Pensioni anticipate: ecco perché sono più basse di importo

Andare in pensione prima è il sogno di molti lavoratori, ma c’è a chi non conviene

Andare in pensione prima, anticipare l’uscita dal mondo del lavoro o mettersi a riposo dopo anni di carriera senza aspettare i 67 anni è il sogno di molti lavoratori. Ma non tutti sanno che anticipare l’uscita e quindi, la pensione, ha dei costi per il pensionato. Costi in termini di assegno previdenziale. Si, è vero, anche senza penalizzazioni insite nella misura, c’è da lasciare qualcosa di assegno per poter anticipare la quiescenza.

Lo sai che anticipando l’uscita dal lavoro si perde sull’assegno di pensione?

Non scopriamo certo l’acqua calda dicendo che se si anticipa la pensione si perde sull’assegno. Una evidenza netta se solo si pensa ai contributi versati. Uscire prima, magari con la quota 100 e quindi fin dai 62 anni, per chi ha continuità di lavoro, nel senso che ha una occupazione stabile e l’uscita è a sua piena facoltà, ha immediatamente una perdita evidente.

Parliamo dei contributi in meno versati. Uscire a 62 anni anziché a 67, per quel soggetto di cui parliamo, significa uscire con 5 anni in meno di contributi versati. E come si sa in epoca contributiva, con le pensioni calcolate con il sistema contributivo, più si versa più si prende di pensione.

Chi va in pensione in anticipo deve pertanto, accontentarsi di un assegno più basso rispetto a quello che avrebbe ottenuto continuando a lavorare per più anni. Questa è la regola che peggiorerà nel tempo, dal momento che con l’ingresso della riforma Dini nel sistema, sono sempre di meno i lavoratori che hanno diritto al calcolo misto della pensione, quel tipo di calcolo che permette di ottenere una pensione in parte retributiva ed in parte contributiva.

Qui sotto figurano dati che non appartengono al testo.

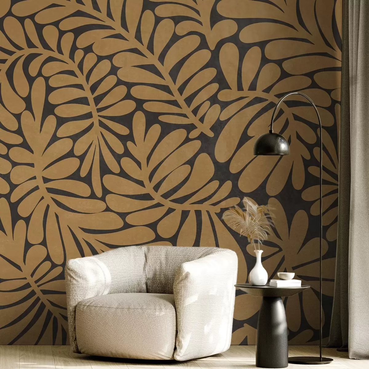 Fototapetak Stilizált mustársárga levelek sötét szürke háttér előtt, texturált grafika Nr. w09775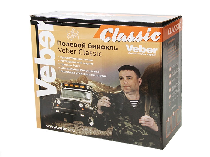 Бинокль Veber Classic БПЦ 7x50 имеет классические «военно-морские» оптические характеристики. Широкое поле зрения позволяет легко обнаружить и удерживать цель в поле зрения, например, при качке. Линзы объектива имеют диаметр 50 мм (они собирают в 2 раза больше света, чем линзы диаметром 35 мм), это позволяет вести наблюдение в глубоких сумерках. Бинокль Veber Classic БПЦ 7x50 имеет металлический корпус и трудноистираемое просветляющее покрытие на линзах объективов и окуляров.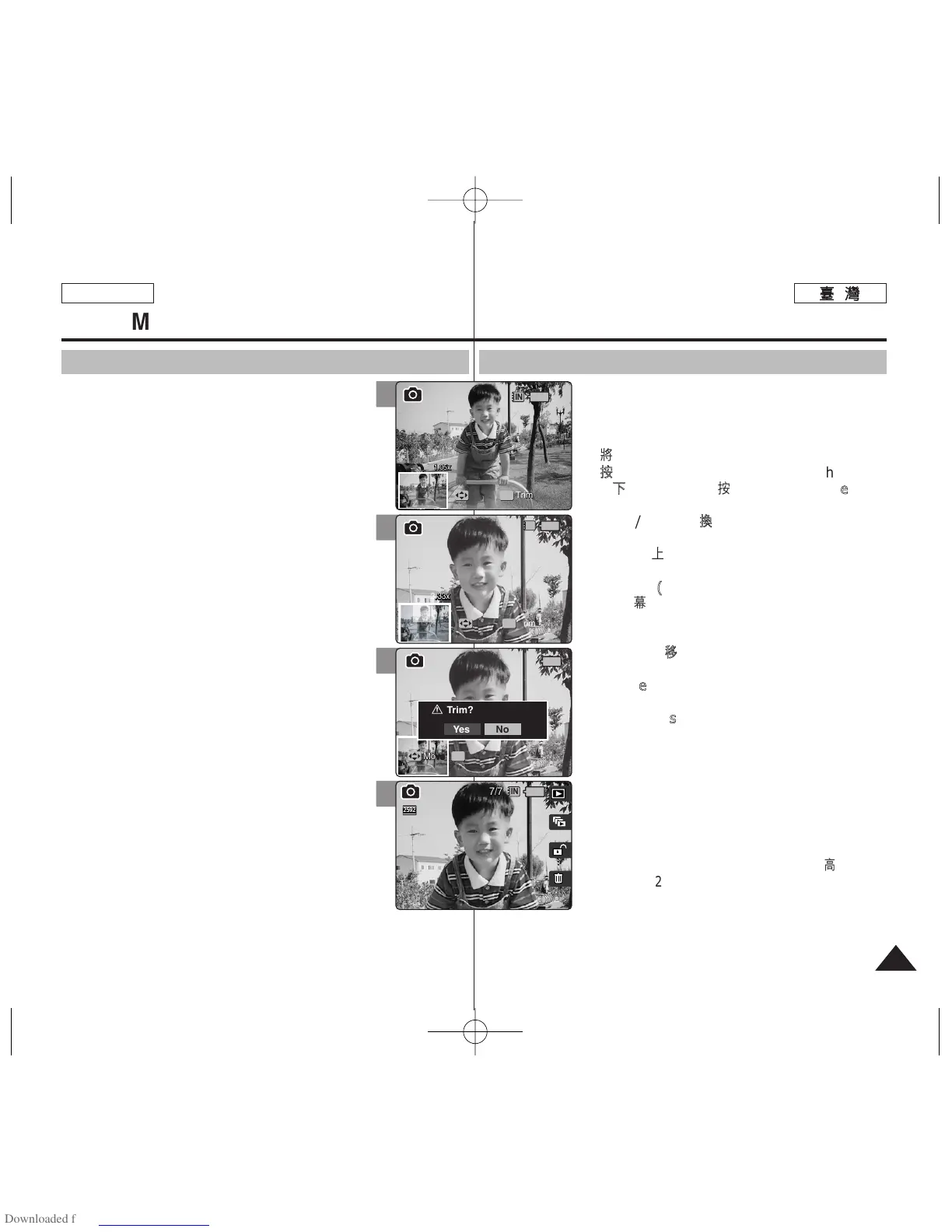 若若選選擇擇 <<YYeess>>,,裁裁剪剪的的影影像像將將會會儲儲存存然然後後在在螢螢幕幕

I coefficienti di trasformazione

Parlando di pensioni contributive poi, è evidente che sono già di natura più basse di quelle retributive (o di gran parte di esse), con le prime basate sui contributi versati e le seconde sulle ultime retribuzioni (quelle degli ultimi 10 anni di carriera in genere). Ed in termini di perdita sugli assegni previdenziali ne è esempio l’uscita a 58 anni per le donne, che oltre alla perdita relativa al minor gettito di contribuzione versata, si trovano a dover accettare il calcolo pieno con il sistema contributivo, anche per quegli anni di carriera che avrebbero dovuto essere calcolati con il retributivo.

Stesso discorso per la pensione con opzione contributiva. Occorre ricordare che 9 volte su 10 i periodi di lavoro retributivi danno diritto ad una pensione più elevata e che se negli ultimi anni di carriera sono sopraggiunti periodi di disoccupazione indennizzata per esempio, questi periodi che abbassano la retribuzione di riferimento e quindi l’importo della pensione, possono essere sterilizzati, cioè eliminati dal calcolo.

Inoltre, sulle pensioni contributive o sulla parte di pensione calcolata con questo penalizzante sistema, si deve fare i conti con i coefficienti di trasformazione del montante dei contributi in pensione. Si tratta di alcune specie di aliquote con cui viene passato il totale dei contributi versati per poi diventare assegno mensile di pensione.

E prima si esce dal lavoro meno favorevoli sono questi coefficienti. A parità di carriera lavorativa e di anni di contributi versati, la pensione per uno che esce a 67 anni è più alta di chi esce a 62 anni proprio in virtù di questi coefficienti.

Per fare un esempio, un soggetto che si trova con 30.000 euro di montante contributivo (la sommatoria di tutti i contributi versati nella carriera) ed ha diritto all’uscita a 60 anni si vedrà trasformare quel montante in pensione con un coefficiente pari al 4,515%, con risultato 1.354,50 euro. Lo stesso montante contributivo viene trasformato per un 67enne con coefficiente 5,575%, con risultato, 1.672,50.